Tin miners of the 19th century had a pretty raw deal, working up to half a mile below the sea bed and up to a mile and a half from shore, grafting at the face of the mine before trudging back through miles of shafts and being hauled back to the open air. Even then they may have had to walk miles to their home village, after of course facing extreme heat, and danger, through every working hour. Seriously hard work in an extreme environment. Many lost their lives, many more lost their health and saw their lifespan shortened.

Tin mines on the rugged coast

Know how the mining companies guarded against failure of lamps in the deep shafts? By employing a blind miner who would be able to lead colleagues safely through pitch darkness, should there be no light.
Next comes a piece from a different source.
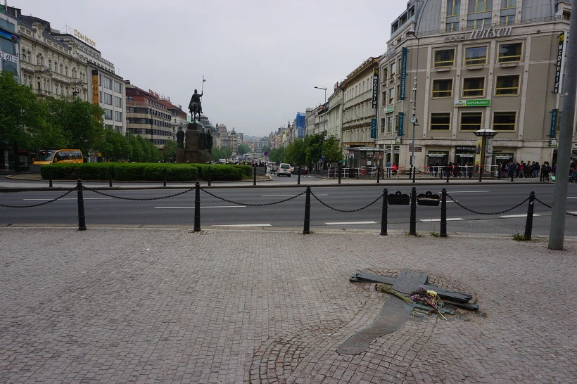 이후 압박이 더 심해지고 체코 사람들은 민주화를 거의 반포기하고 살수 밖에 없는 상황이 된다. 카를대 철학과 학생들이 다시 집결해서 한 달에 한 번씩 분신자살을 하기로 기획하고 팔라흐, 자이츠, 이브 쉔 학생 순으로 3개월간 투신자살을 한다. 위의 십자가는 팔라흐가 투신을 한 장소를 기리기 위해서 만들었다고 한다. 국립중앙박물관 바로 앞 바츨라프 광장이 시작되는 곳에 위치하고 있다.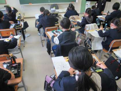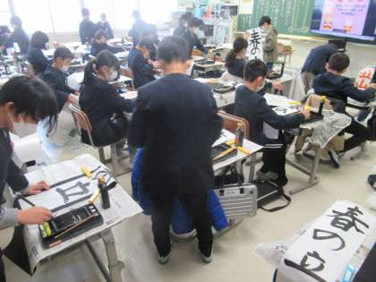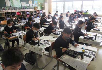 冬休み中の練習の成果を発揮しようと、真剣な態度で一生懸命書きました。

Incredible. Very different times huh.

Iconic Cornish coastline

Today the engine houses stand silent and half ruined, chimney stacks survive at various heights and shaft entrances gawp wide open behind safety fencing. At one point, the uneven ground around a chimney is the only clue to the “arsenic labyrinth” which lies below, effectively a chamber for extracting that deadly poison from the very ore which the miners had handled all day.

It must have been unfathomably tough back then, but the scenery now is a thing of beauty, the iconic shadowy mine buildings silhouetted against the shining sea, making proud statements of an erstwhile industry as if knowing that the sight of the mines is as typically Cornish as you can get.

Our hike is brilliantly designed and thought out (the iwalkcornwall app is exceptionally clever) but the combination of scenery, location and weather is as perfect as it gets. This is Cornwall at its most spectacular.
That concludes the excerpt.